The CherryPy website is http://cherrypy.org/
I actually had the same issue recently. Namely: we wrote a simple server using BaseHTTPServer and found that the fact that it's not multi-threaded was a big drawback.
My solution was to port the server to Pylons (http://pylonshq.com/). The port was fairly easy and one benefit was it's very easy to create a GUI using Pylons so I was able to throw a status page on top of what's basically a daemon process.
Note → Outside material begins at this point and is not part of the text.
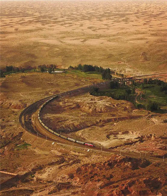 包兰线列车在沙坡头绿色防护带中通过腾格里沙漠

I would summarize Pylons this way:
it's similar to Ruby on Rails in that it aims to be very easy to deploy web apps
it's default templating language, Mako, is very nice to work with
it uses a system of routing urls that's very convenient
for us performance is not an issue, so I can't guarantee that Pylons would perform adequately for your needs
you can use it with Apache & Lighthttpd, though I've not tried this
We also run an app with Twisted and are happy with it. Twisted has good performance, but I find Twisted's single-threaded/defer-to-thread programming model fairly complicated. It has lots of advantages, but would not be my choice for a simple app.
Good luck.
Just to point out something different from the usual suspects...
Some years ago while I was using Zope 2.x I read about Medusa as it was the web server used for the platform. They advertised it to work well under heavy load and it can provide you with the functionality you asked.